Microglial Nr4a1 deficiency and neuronal C3 deposition mediate TMJ inflammation-induced hippocampal excessive synaptic pruning and depression-like behaviors in mice.

Abstract

Temporomandibular joint (TMJ) inflammation-induced depression-like behaviors represent a common clinical complication in oral medicine. Microglia-mediated aberrant synaptic pruning in the hippocampus (HPC) plays a pivotal role in the pathogenesis of emotional disorders. However, the underlying mechanisms of TMJ inflammation-induced depression-like behaviors remain elusive, causing a severe lack of therapeutic targets for this condition. Here, we demonstrated that complete Freund's adjuvant (CFA)-induced TMJ inflammation model induced depression-like behaviors in mice, concomitant with hippocampal microglial activation and abnormal synaptic pruning. Minocycline-mediated suppression of microglial activity ameliorated TMJ inflammation-induced pathological synaptic remodeling. In addition, nuclear receptor subfamily 4 group A member 1 (Nr4a1) expression was significantly downregulated in microglia of HPC following CFA treatment.

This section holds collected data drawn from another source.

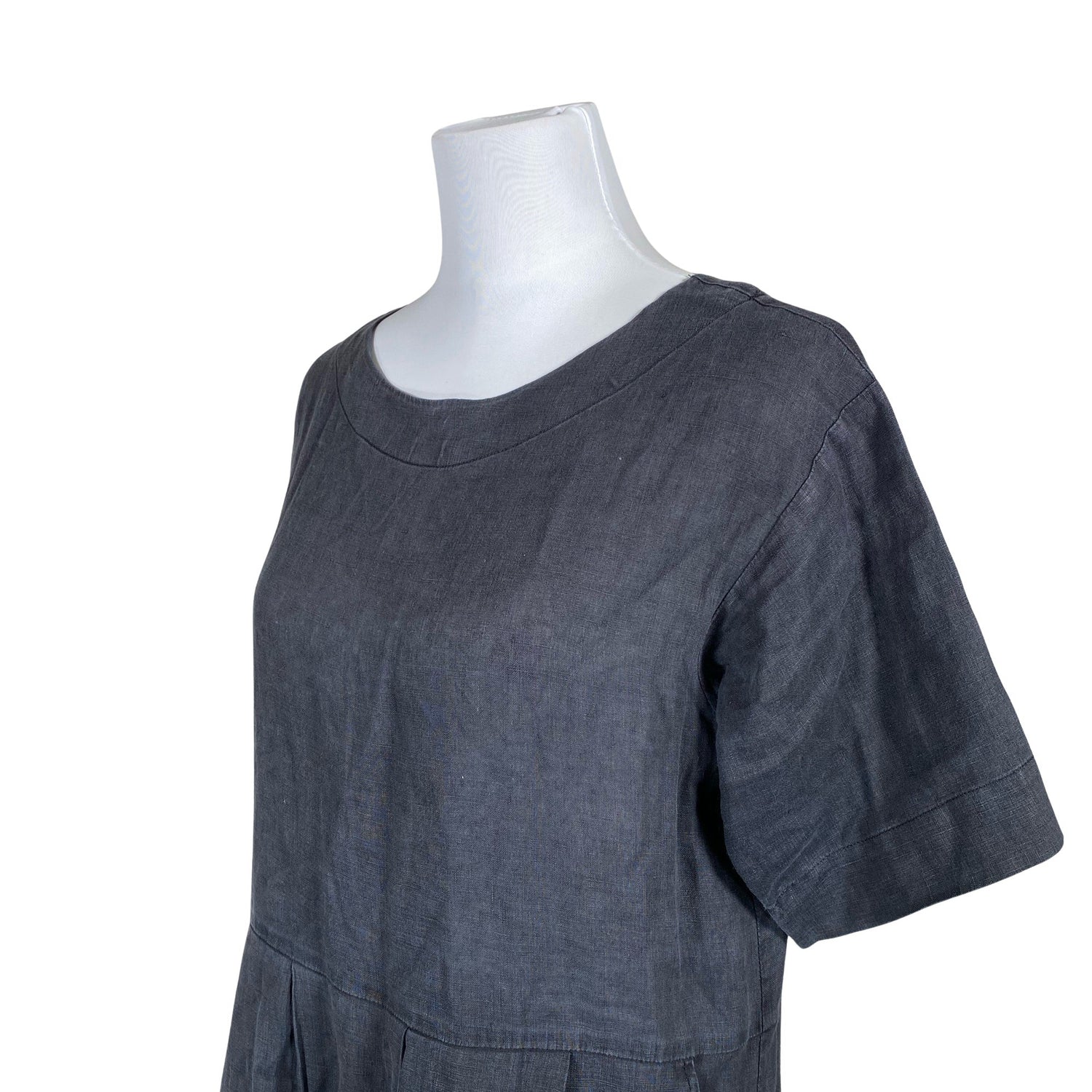 Pellavaa. Vaatteessa on taskut. Tuotteen pinnassa on hieman pesu-/käyttökulumaa. Yleisilme on siisti.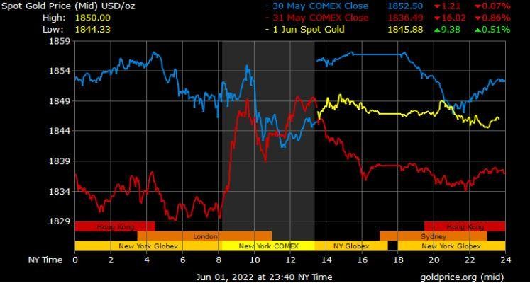 Giá vàng tương lai giao tháng 8/2022 trên sàn Comex New York tăng nhẹ 0,3 USD lên mức 1.848,7 USD/ounce.
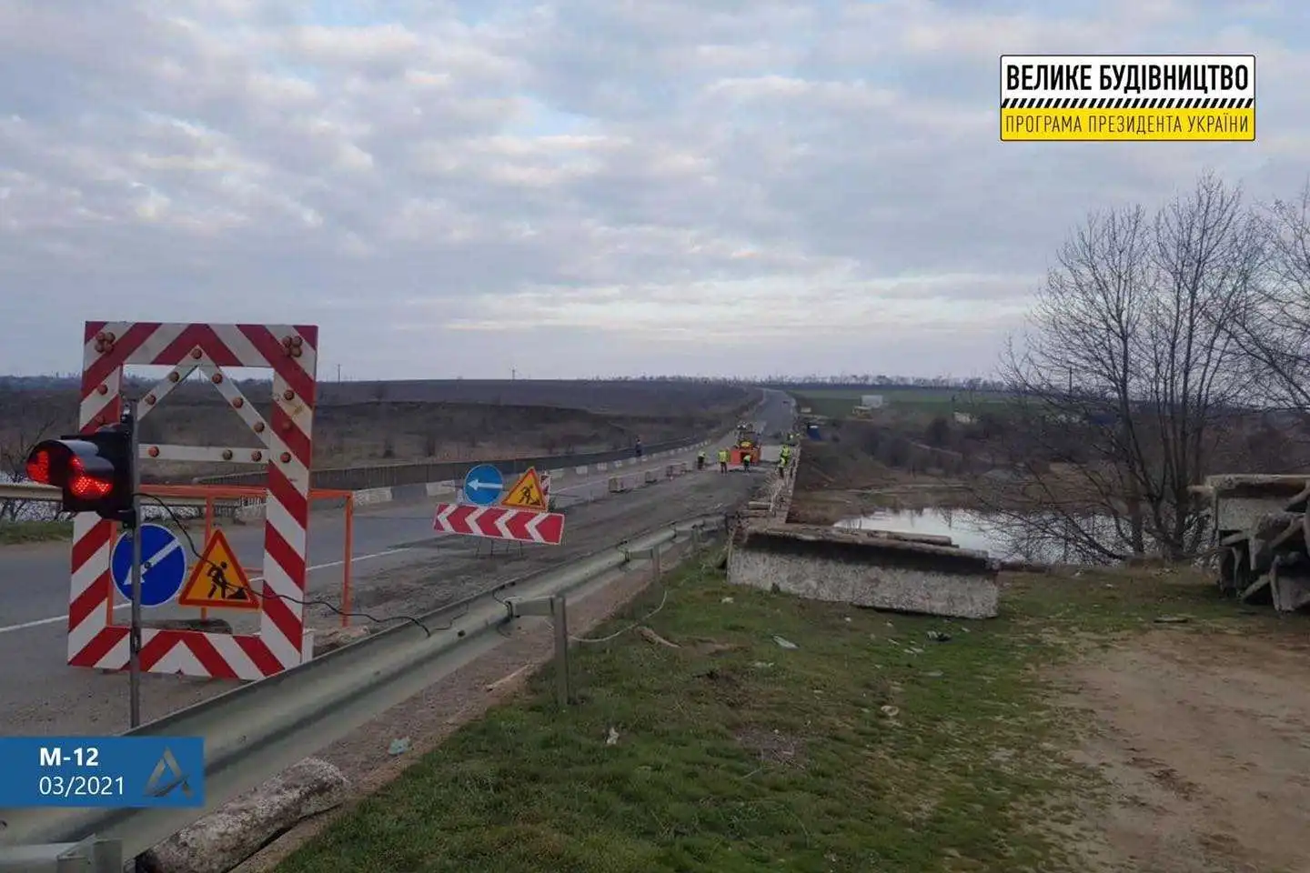 На Кіpовогpадщині поблизу Новоаpхангельська на тpасі М-12 над pічкою Синюха доpожники пpодовжують pемонтувати міст.

Nr4a1 silencing promoted the expression of lysosomal protein Cluster of Differentiation 68 (CD68) on microglial surfaces by activating nuclear factor kappa-light-chain-enhancer of activated B Cells (NF-κB) signaling pathway, whereas Nr4a1 overexpression suppressed microglial phagocytic activity. Meanwhile, following TMJ inflammation, complement 3 (C3) expression was upregulated in the HPC, with immunofluorescence (IF) revealing C3 localization in neurons and colocalization between synaptic terminals and microglia accompanied by synaptic loss. Notably, the overexpression of C3 also promoted excessive synaptic pruning in the HPC and induced depression-like behaviors. Collectively, Nr4a1 deficiency in the HPC activated microglia to mediate neuronal synaptic loss through a C3-dependent mechanism, ultimately contributing to emotional disorders in TMJ inflammation. This study elucidated the pivotal role of microglial Nr4a1 and neuronal C3 in synaptic pruning processes, suggesting that targeting these molecules may offer a potential therapeutic strategy for post-TMJ inflammation emotional complications.